A little while ago, I had a party at my house. It was originally supposed to be a farewell party for myself- so I could see all the folks I would really miss before I headed back to Afghanistan again. Well, most of you know what happened with that, but I’ve never let a little thing like impending unemployment stand in the way of a good party. So, on with the show!
Parties always provide an excuse for me to clean house. Clean stalls in August heat? No problem. I have been known to lose my vacuum. Parties also give me a chance to break one of the cardinal rules of entertaining: never try a new recipe for guests. I cleaned my house (sort of), and concentrated on what matters- the menu! Here’s what we ate: prize-winning country ribs (they actually did win the People’s Choice Award at a rib cook-off in Athens, GA, corn and black bean salsa, roasted potato salad with rosemary and balsamic dressing, sliced tomatoes with mozzarella and basil leaves, mixed berry salad. And that’s just what we made! Friends also brought some yummy concoctions and potables!
”But, what about dessert?” you ask. That’s where we get to the secrets and entertainment rules part. I made one old standby, my baklava. The rule breaker was a white chocolate cheesecake, doubly so, because I made a huge departure from the recipe. I’ve been making baklava and cheesecakes of all kinds since I was in high school, so I’m fairly conversant in phyllo pastry and cream cheese.
Whenever there’s a do, folks ask if I will bring baklava or a cheesecake, or both (really good friends can ask that). Folks also always ask for the recipes, but until now, I have never shared. Here’s why. I can’t stand it when people claim that they invented or thought of something that has been around since before they discovered thinking. Maybe it’s a Southern thing, but it’s extremely bad form to take someone’s recipe ( not to mention other things) and pass it off as your own. It’s culinary plagiarism, and if one gets caught, there is a heavy penalty.

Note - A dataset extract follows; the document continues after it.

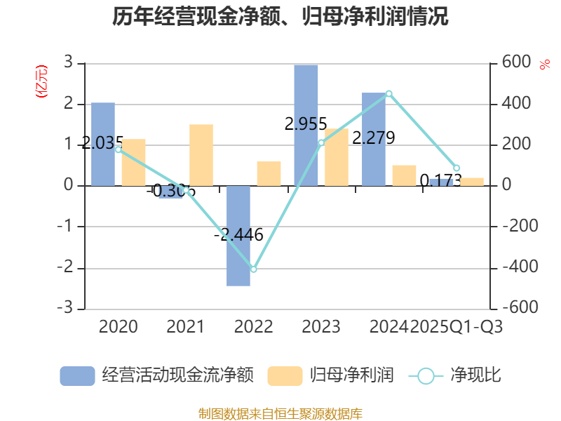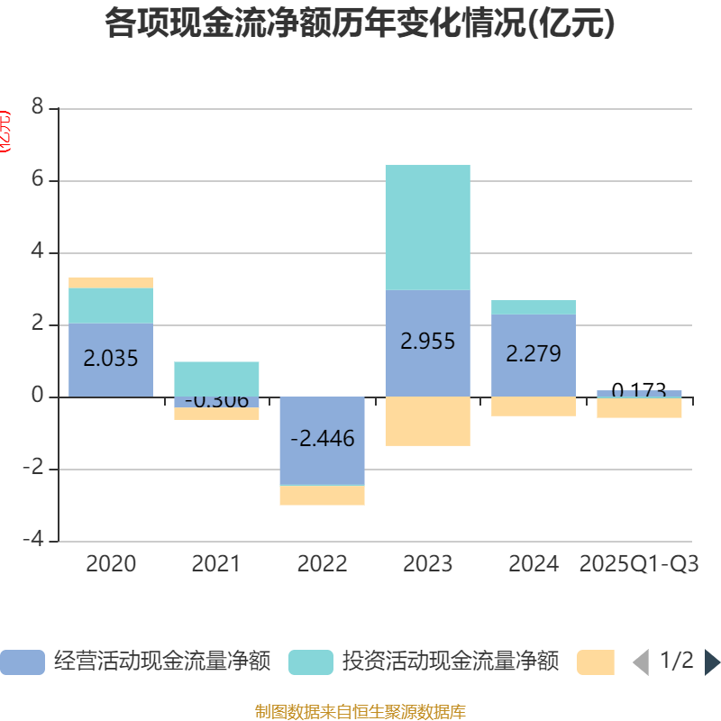 2025年前三季度,公司经营活动现金流净额为1727.1万元,同比增长115.36%;筹资活动现金流净额-5418.55万元,同比减少3743.99万元;投资活动现金流净额-484.76万元,上年同期为230.97万元。
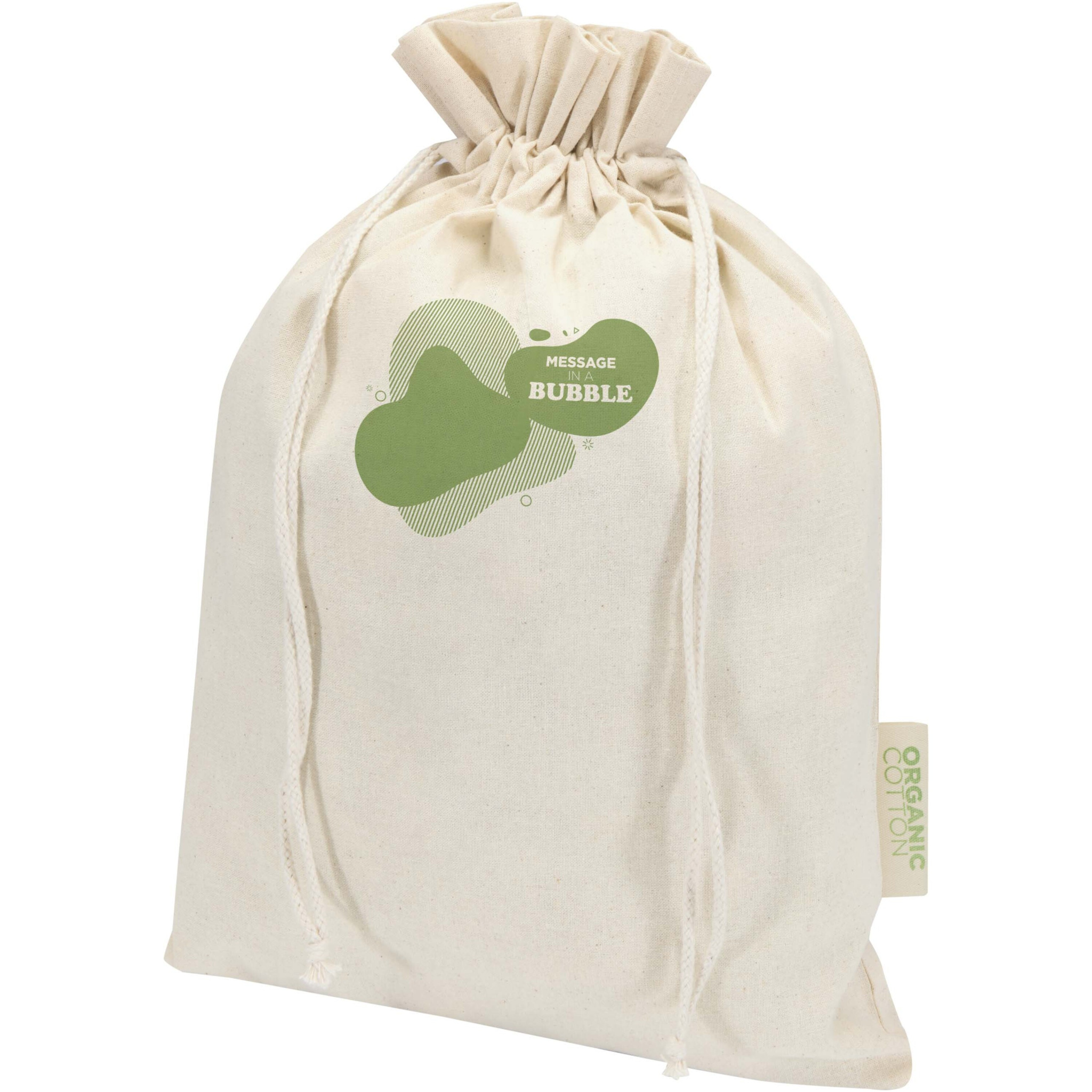 Lahjakassi, joka on valmistettu 100-prosenttisesti OCS-sertifioidusta 140 g/m²:n luomupuuvillasta ja jossa on puuvillainen kiristysnyöri. Ihanteellinen lahjapussiksi tai tavaroiden säilyttämiseen. Koko: 42 x 30 cm.

Chances are that some of you will recognize parts of my recipes. If you recognize all of it, I will be very surprised, but pleased… great minds and all. My baklava recipe is a combination of recipes from one of those cookbooks that is so well loved that it is in need of replacement.
I also do a lot of measuring “to taste” and will advise you to do the same. So without further ado, I give you…
My Baclava (it really is easy. I promise!!)
5 cups of nuts, very finely chopped- I like a mixture of pecans, almonds and walnuts
1 cup sugar
2 t cinnamon
1 box phyllo pastry
1 stick butter, melted
½ cup olive oil
For the syrup you will need:
1 ½ c water
2 ½ c sugar
6 cloves (or to taste)
2 sticks or 1 t cinnamon (or to taste)
1/8 t salt
zest of one lemon and one orange (you can use dried here, also to taste)
1 c honey
Preheat oven to 325.
Instead of messing about brushing every delicate sheet with butter (been there, done that), lift 5-6 sheets of pastry and place on bottom of pan. (The ideal pan is the same dimensions as your pastry, but then again, I love the edge pieces with all the extra pastry, so you decide here.) Spread about 1 cup of the nut mixture on the pastry. Add more sheets of pastry. Add more nuts. You get the picture.
Work quickly. You’ll get faster as you develop your own methods. Keeping a damp cloth over the pastry will help keep it from drying out.
With a very sharp, serrated knife, slice the baklava- diamonds, squares, whatever. Combine the melted butter and olive oil. Pour over the baklava. Make sure you coat every piece.
Place on middle rack in oven and bake until golden brown.
Make the syrup while the baklava is baking.
Place all ingredients except honey in a saucepan. Dissolve the sugar by stirring. Bring to a boil. Reduce heat and simmer for 10 minutes. Remove from heat and add honey. Set aside and check the baklava. The recipes I have used all say it takes an hour to an hour and a half to cook this stuff. Not so in my oven. More like 30-40 minutes.
When the baklava is a nice golden brown, take it out of the oven. Pour about a cup (+/-) over the pastry. Let it soak. Keep pouring syrup in intervals until it reaches top of baklava. You will probably have some syrup left over (you should). Keep this because the baklava will soak up everything you have just poured on, and you may want/need to add more!
Let the baklava cool. Refrigeration tends to make it soggy. Cover and let it continue to soak. When presenting, you can leave in pan (not traditional, but practical at larger parties) or, if practical, remove and separate each piece. Place on a dish. There will be syrup running everywhere. That’s a good thing!!
Make some good coffee and enjoy!! Btw- the leftover syrup is good on all sorts of things!
Oh! I nearly forgot! Some people think the edge pieces are too untidy to share with guests. That’s up to you, but I happen to think they are the tastiest. Just sayin’.
So… I have now bared a small corner of my inner cookbook. I am still too insecure to share the rib recipe though.